A. He wasn't there until later on in the afternoon.

(Doc. 7, at PageID 697).

Following Gladys's answer, the State objected on the ground that the defense had violated Ohio Criminal Rule 12.1 by failing to file a notice of alibi. (Doc. 7, at PageID 697). The trial court then held a hearing outside the presence of the jury. During the hearing, Gladys stated that petitioner got home from work on the day of the party around 3:30 p.m. (Doc. 7, at PageID 702). Thereafter, the following exchange occurred between defense counsel (Mr. Hapner) and the trial court as to why defense counsel had not disclosed Gladys's testimony as an alibi:

MR. HAPNER: Your Honor, in order to give notice of alibi we would have to know, we know the place and the date.

THE COURT: You've known since yesterday. Did you notify the State of Ohio that you may not have had seven days notice, did you notify the State of Ohio of this?

MR. HAPNER: No, the fact of the matter is it didn't come up until right now.
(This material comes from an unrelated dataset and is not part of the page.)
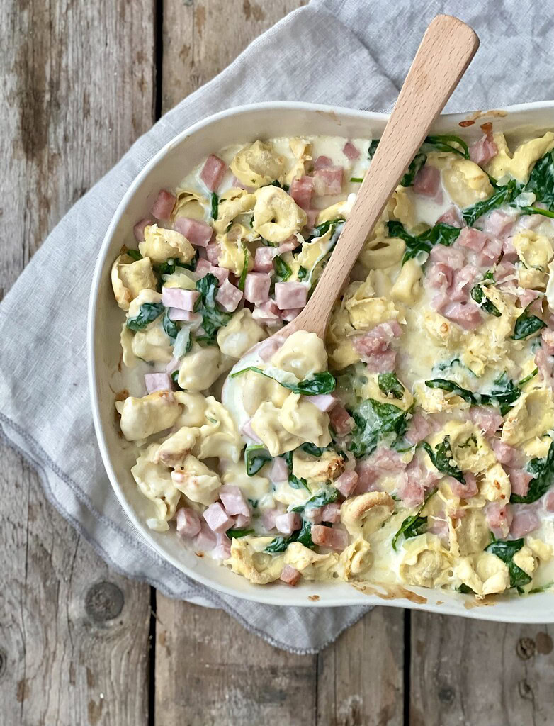 Bagt tortellini i ovn med skinke og spinat
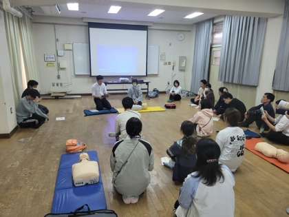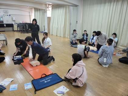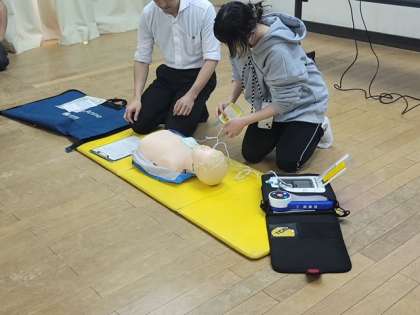 人形を使った胸骨圧迫やAEDの使い方を学びました。

We were aware that he might have worked that morning, but we had no idea until yesterday, we thought actually that the crime was committed at night.

THE COURT: After the birthday party?

MR. HAPNER: Uh-uh.

THE COURT: But as of yesterday you heard the testimony and you knew there was some question that Mr. Carter was not there?

MR. HAPNER: He was there at the birthday party and before on the 26th day of November.

THE COURT: Mr. Hapner, you knew the time, I think you inquired, you asked several questions about the alleged victim of the time and you challenged her on some of her calculations, did you not?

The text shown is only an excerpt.